In her first appearance in an international team championship, Canadian Gail Greenough headed into the final four up against individual Olympic silver medalist Conrad Homfeld, French star Pierre Durand and British legend Nick Skelton.

She was the first woman to ride in the final four for individual medals at the World Championship. “It was unusual because in that era, women weren’t usually in the final four, and there hadn’t been a female world champion. So they didn’t really take me too seriously. The odds were against me,” Greenough remembered.

“It was a life-changing week for me. It remains fresh, even though it was 30 years ago!”

Greenough, 26, was the obvious choice for the Canadian team after she and Mr.
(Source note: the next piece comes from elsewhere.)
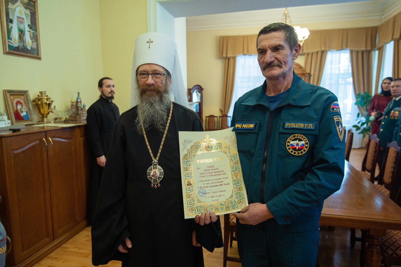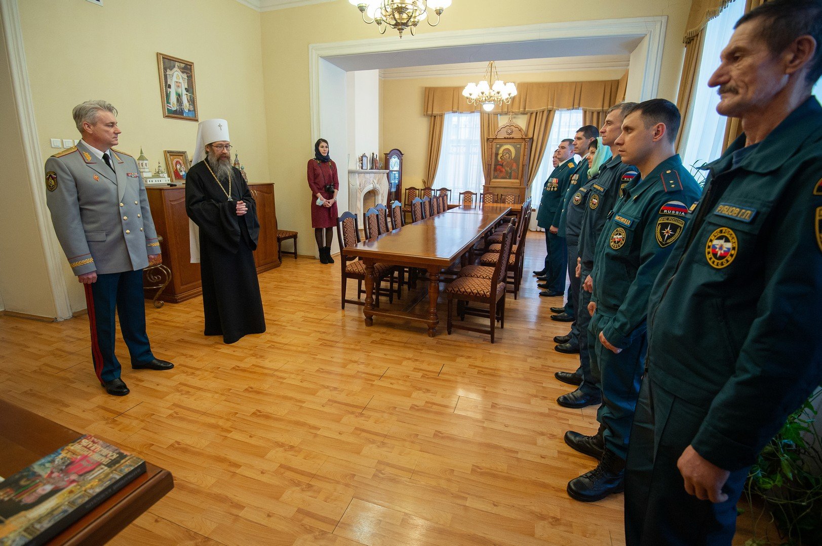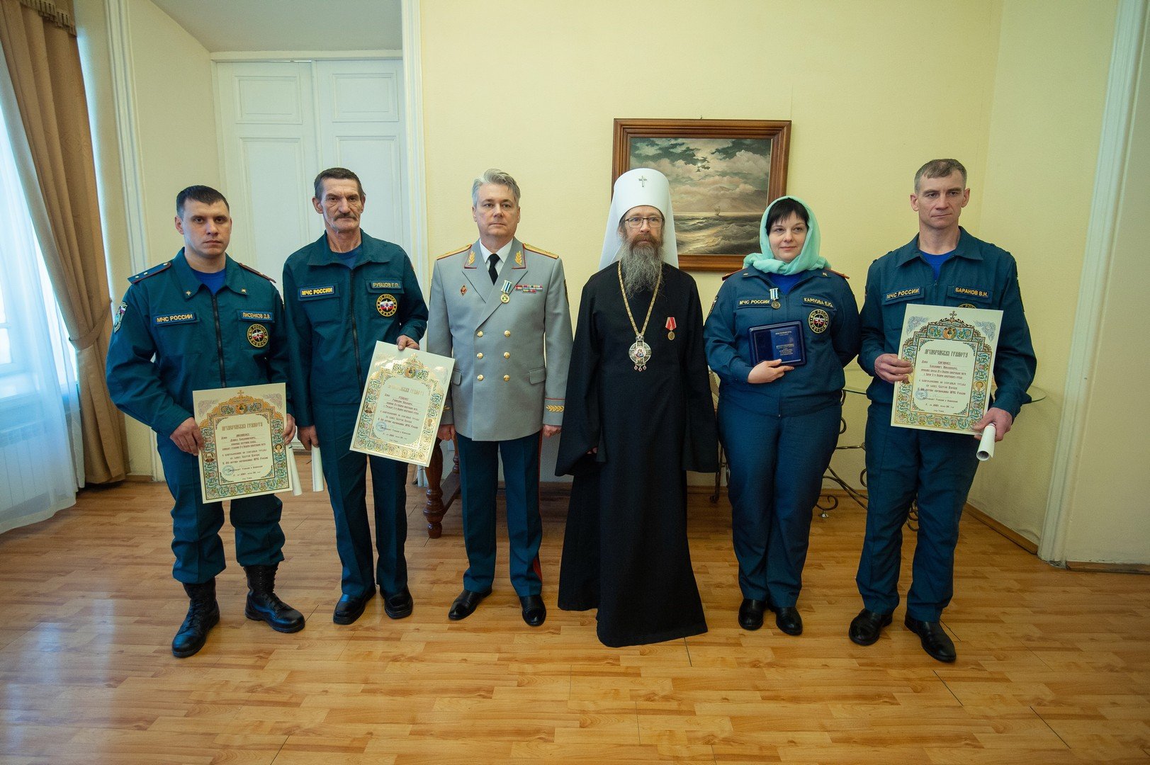 Предваряя награждение, Его Высокопреосвященство поздравил сотрудников ведомства с юбилеем и отметил, что служение Церкви и МЧС во многом похоже.

T won two of the Canadian selection trials and placed second in the third. They headed to the iconic Aachen showgrounds in Germany for the World Championships with teammates Ian Millar, Laura Tidball-Balisky and John Anderson.

“I had a very good horse in Mr. T. Even in today’s game, he’d still be a very good horse. He was one in a million,” said Greenough. “It’s all about peaking at the right time, and he was on that track. So, although I was an underdog, I felt pretty confident going into the week.

“I wasn’t intimidated because I grew up riding at Spruce Meadows, so I rode against all those guys almost every year there growing up. I think that was the biggest reason I was pretty comfortable at Aachen. You’re so focused at that point that you don’t really look at the end of the week. You just take one jump at a time, one line at a time, one course at a time. I wanted to do well for the team and see where the chips fell after that. But to think that I was going to win at the end of it wasn’t really in my thoughts at all.”

But after the Canadian team finished a close fourth, Greenough and Mr. T were in the top four in the individual standings and headed to the final four, where the top four riders would jump a round on each horse—their horse first and then the three other horses.

“Going into the final four, I have to say I was a little more nervous,” Greenough said. “But what I did is I broke it down. I watched a lot of video of each horse beforehand, and I tried to liken each horse to a horse I’d ridden in my career. So I wanted to take away some of the unknowns. It really paid off and worked well.”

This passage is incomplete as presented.